13 de marzo de 2019
13.03.2019
Juicio del 'procés'

El exjefe de Diplocat reconoce que pagó a "visitantes internacionales" para el 1-O

Albert Royo niega que fuesen "observadores" y desvincula a la entidad de la Generalitat

13.03.2019 | 13:29
El exsecretario general del Diplocat, Albert Royo.

El exjefe del Diplocat Albert Royo ha reconocido que su entidad pagó los viajes de parlamentarios europeos que se desplazaron a Cataluña en los días previos al 1-O, pero ha negado que lo hicieran en calidad de "observadores internacionales" para supervisarlo, pese a que la Generalitat les presentó así.

Royo, que ha declarado como testigo en el juicio del 'procés', era el secretario general de Diplocat, una entidad que ha desvinculado funcional y jerárquicamente de la Generalitat y de cualquier acto que tuviese que ver con el referéndum: "Diplocat no organizó ningún referéndum ni estuvo relacionado ningún referéndum".

En su interrogatorio, sí que ha reconocido que Diplocat pagó una factura de 40.591 euros a "visitantes internacionales" que viajaron a Cataluña en los días previos al 1-O, pero dejando claro que no eran observadores internacionales sino expertos y parlamentarios que "querían conocer de primera mano la realidad catalana".

"Nosotros no dimos ningún honorario a observadores internacionales", ha dicho Royo, pese a que la Generalitat definió su visita como la primera "misión internacional de observación electoral".

Ha explicado que "era una práctica habitual" invitar a delegados extranjeros y "gente de prestigio" para seguir la actualidad catalana en actos como el día de Sant Jordi, la primera apertura de fosas en Cataluña de la Guerra Civil y el "proceso participativo" del 9N, para lo cual "se cubrían siempre los gastos de desplazamiento y hotel".

También ha admitido el pago por adelantado a "un grupo de expertos" que "no un grupo de observadores electorales", para "un análisis académico", pero que el portavoz de ese grupo devolvió la factura porque no iba a poder venir los días previos al referéndum.

Y respecto a las facturas para elaborar un periódico en inglés con artículos de prensa traducidos del catalán, ha dicho que desde 2014 se pagaban 2.600 euros al mes siempre con el presupuesto de Diplocat, pero ha admitido que desde julio de 2017 todas las facturas constaban como "pendiente de pago" sin explicar el motivo.

Eso sí, se ha desvinculado de unos pagos presuntamente realizados desde Bruselas al Hague Centre for Strategic Studies relacionados con la manutención de estos observadores, y ha sido tajante: "Nosotros somos un consorcio distinto a la Generalitat, no tenemos nada que ver con esto".

Royo ha reconocido que la Conselleria de Acción Exterior, presidida entonces por Raül Romeva (acusado de rebelión) le pidió contactar con organizaciones dispuestas a realizar una observación internacional "en el caso" de que se llegase a un acuerdo con el Gobierno para celebrar un referéndum.

El testigo, que ha enmarcado esta petición dentro de la normalidad dada la experiencia de Diplocat organizando observaciones internacionales en países como Armenia o Uruguay, ha relatado que se lo comunicó a algunas organizaciones y envió sus propuestas a la Conselleria, pero ninguna "siguió adelante", ante la falta de acuerdo.

"Confusión" 


Royo ha querido aclarar la "confusión" que, a su juicio, existe al relacionar la Conselleria de Acción Exterior y el Consejo con el Diplomacia Pública de Cataluña: "Son cosas distintas (...).

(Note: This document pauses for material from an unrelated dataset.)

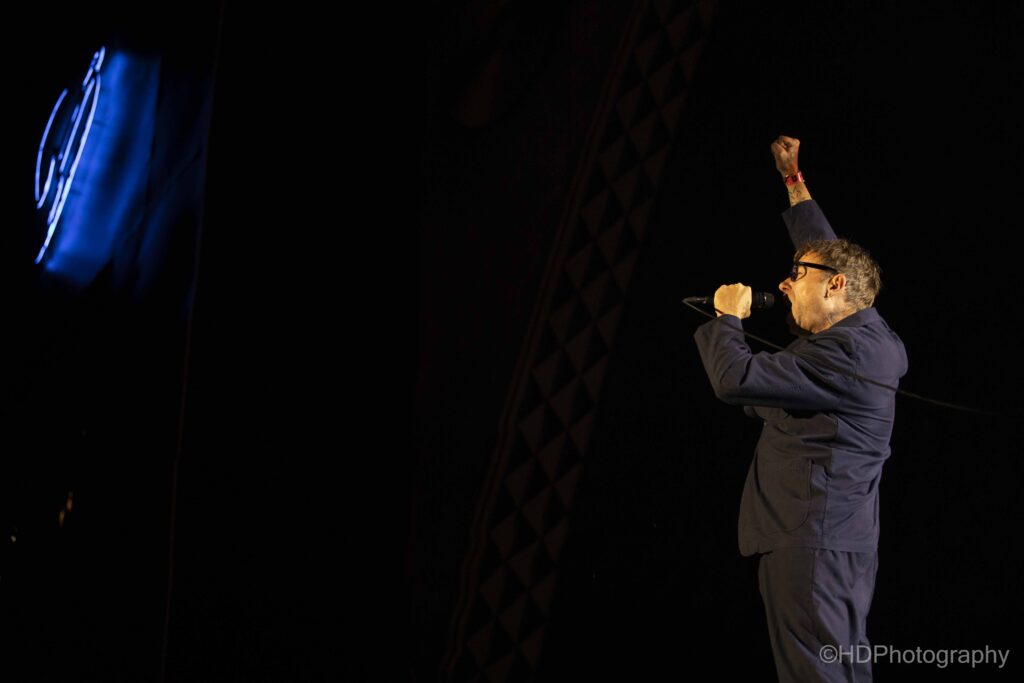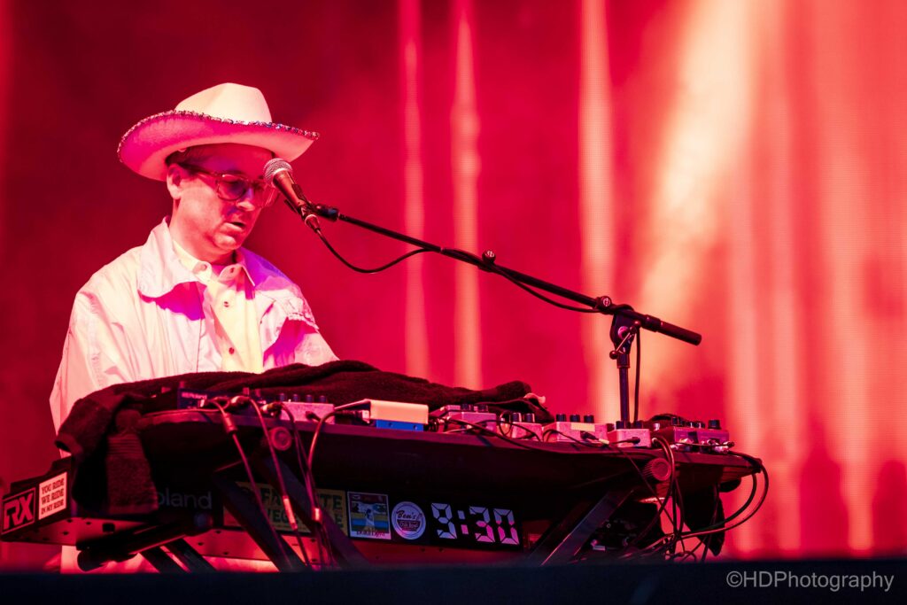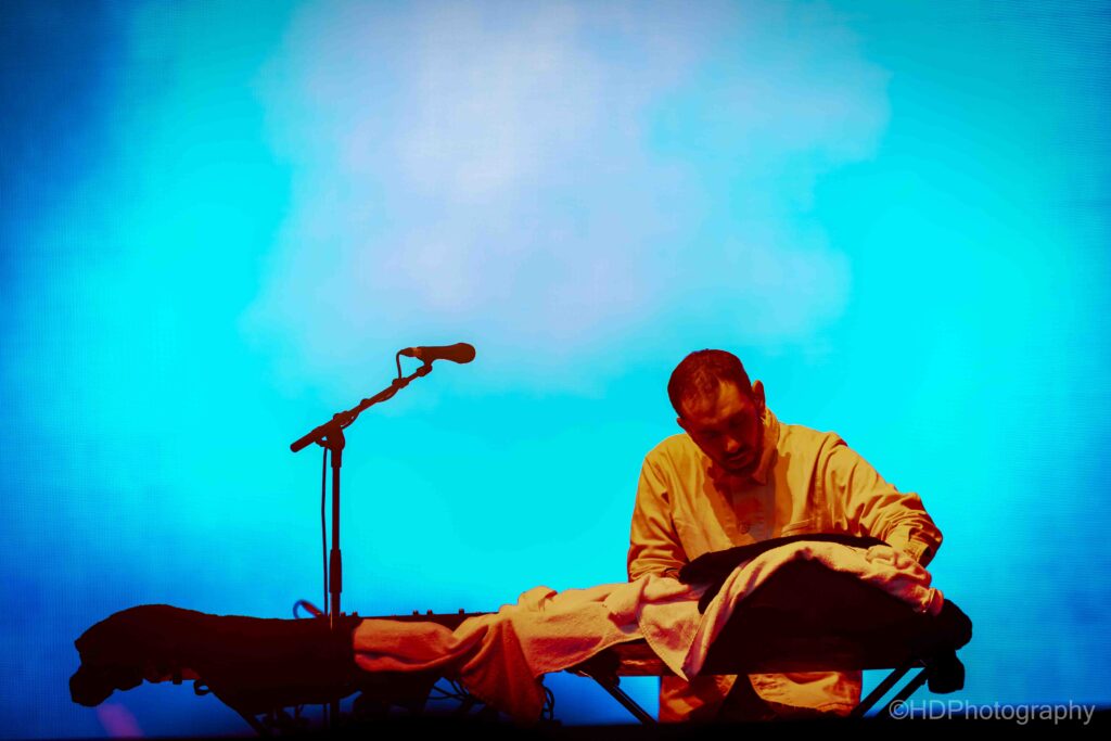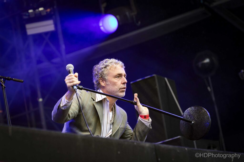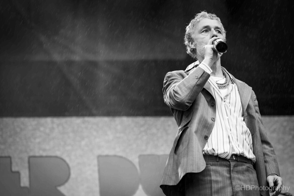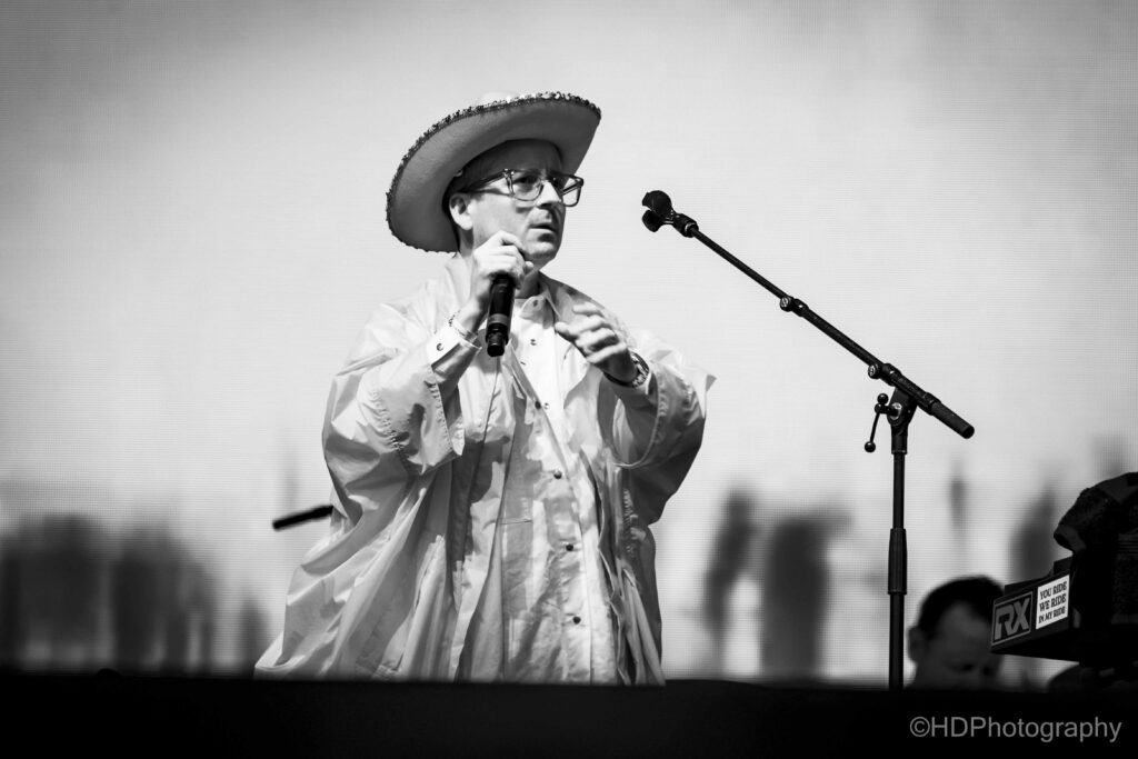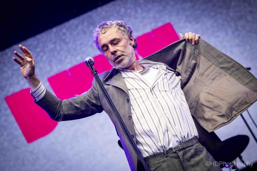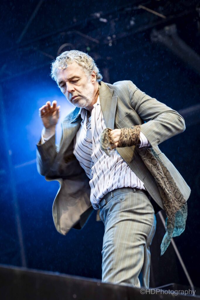 Het oudere Palm Trees paste op zich beter bij zijn podiumgekte waar de pianiste met zwart ushanka-achtig hoofddeksel en de andere bandleden eerder standbeeldachtige poses aannamen. Oké we zagen haar vaak smakelijk lachen, dat is waar. Baxter (These Are My Friends) was een samenwerking met Fred Again en dus per definitie een ‘beats-driven’ vreemde eend in de Dury-bijt. Dit soort nummers en zijn présence zorgden er voor dat zijn concert de hele tijd boeide zonder echt opzien te baren.

No teníamos que ver con lo que hacía la Consellería del señor Romeva".

"Nosotros no éramos ningún Ministerio de Exteriores ni nada", ha asegurado Royo, que ha explicado que "el presupuesto del Diplocat no lo decidía la Generalitat", si bien su aportación "oscilaba entre el 85 y el 90 %" del total, complementadas por otras "aportaciones público-privadas" del resto de miembros del consorcio, formado por universidades, patronales, sindicatos y el equipo del F.C. Barcelona, entre otros.

Ha negado que el consorcio, presidido entonces por el president de la Generalitat Carles Puigdemont, persiguiese hacer "diplomacia" con otros Estados, sino hacer "diplomacia pública", es decir, "reconocer los activos de un territorio" para "atraer interés, personas, talento inversiones y establecer lazos de confianza entre la sociedad civil de un territorio y otros".

Una actividad que, según ha dicho, hacía con total "autonomía de acción y dirección".